Automated seizure detection accuracy for ambulatory EEG recordings


To investigate the accuracy of preselected software automatic seizure files to detect at least one seizure per study in prolonged ambulatory EEG recording.


All the prolonged ambulatory EEG recordings (>24 hours) read at the Northwestern Memorial Hospital from January 2013 to October 2017 were included. We selected only the first study of each patient. We reviewed the studies entirely, and processed the recordings through 1 of 3 different detection software that are commercially available (Persyst 11, Persyst 12, and Gotman TM Event Detection). The proportion of patients with at least one electrographic seizure (≥10 seconds) correctly identified by a seizure detector was calculated. Finally, we evaluated whether the type of seizure (focal vs generalized) may affect the chances of being automatically detected.

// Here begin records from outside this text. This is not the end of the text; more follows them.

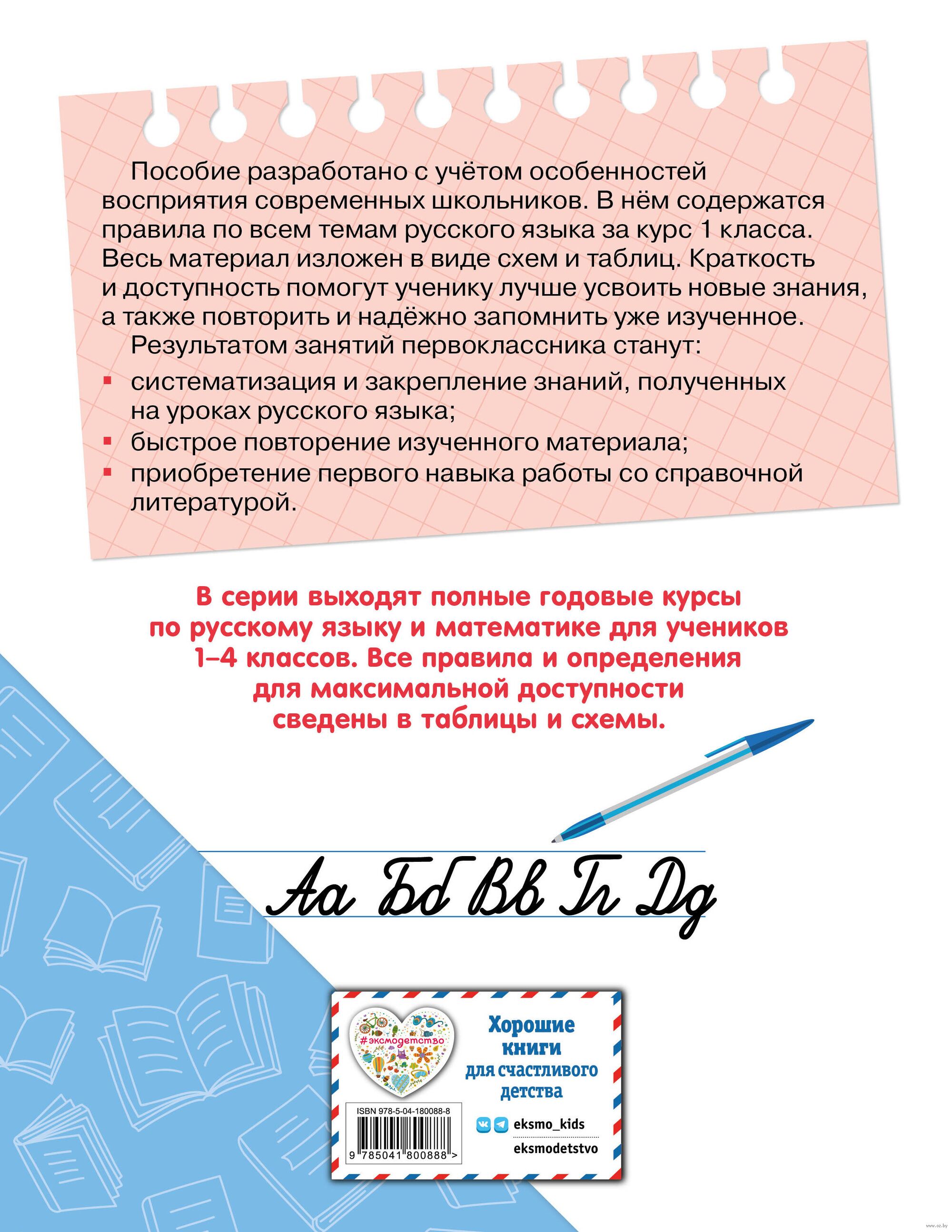 Справочники для учеников начальной школы должны быть краткими и понятными. В данном пособии предельно доступно, в виде таблиц и схем, изложен весь курс русского языка за 1 класс. Такая подача материала делает процесс поиска и запоминания информации максимально быстрым и лёгким. Современное и удобное в использовании пособие полностью соответствует всем требованиям ФГОС начального общего образования.
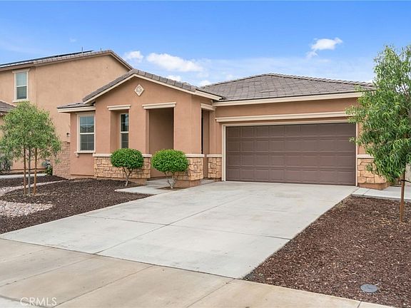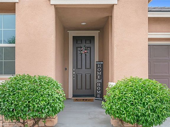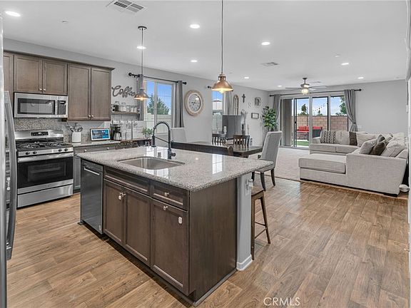 Welcome to this stunning single-story home in the desirable Seasons at Green Valley Ranch community! Built with modern living in mind, this nearly new home offers 3 spacious bedrooms plus a versatile office/flex room that can easily serve as a 4th bedroom. Step inside to discover stylish upgrades throughout, including custom paint, luxury vinyl plank flooring, and recessed lighting. The open-concept floor plan seamlessly connects the great room, dining area, and gourmet kitchen, perfect for entertaining and everyday living. The kitchen is a showstopper, featuring custom cabinetry, a large center island, granite countertops, stainless steel appliances, and elegant pendant lighting. The private primary suite includes a generous walk-in closet and an ensuite bath with dual sinks and a walk-in shower. Two additional bedrooms are generously sized and share a well-appointed full bathroom with upgraded cabinetry and lighting. Enjoy indoor-outdoor living with double sliding doors that lead to a beautifully designed backyard. Highlights include a built-in covered patio, low-maintenance artificial turf, a custom gazebo with lighting, a built-in fire pit, and attractive hardscaping, ideal for hosting guests or relaxing with family. Block walls and vinyl fencing provide privacy and a finished look. Don’t miss your chance to own this beautiful home in a growing and vibrant area of Perris. Schedule your private tour today!
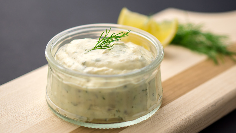 The vast majority of egg salad recipes hinge on dollops of mayonnaise to create the creamy dish many of us enjoy. Surprisingly, or not, there are many ways to make egg salad without the mayo to make the dish healthier or give it more flavor. You might swap the mayonnaise with ingredients like Greek yogurt or hummus, but there's one condiment that you probably reserve for fried fish that gives it a tangy upgrade. You might have guessed it by now — it's tartar sauce.

We read 1,478 ambulatory EEG studies entirely (2,323 days of EEG recording; average 1.6 d/study). From the first study of each patient (1,257 studies), we found electrographic seizures in 70 (5.6%) studies. In 37 of 70 patients (53%), the automatic detectors correctly identified at least one seizure. Detections happened slightly more frequently in generalized seizures (14/20, 70%) compared to focal seizures (23/50, 46%) (p = 0.06).


Seizures were found in 5.6% of the studies. Automatic seizure detectors identified at least one electrographic seizure in only 53% of the studies. They performed slightly better detecting generalized than focal seizures. Therefore, the review of only automatically selected segments may be of decreased value to identify seizures, in particular when focal seizures are suspected.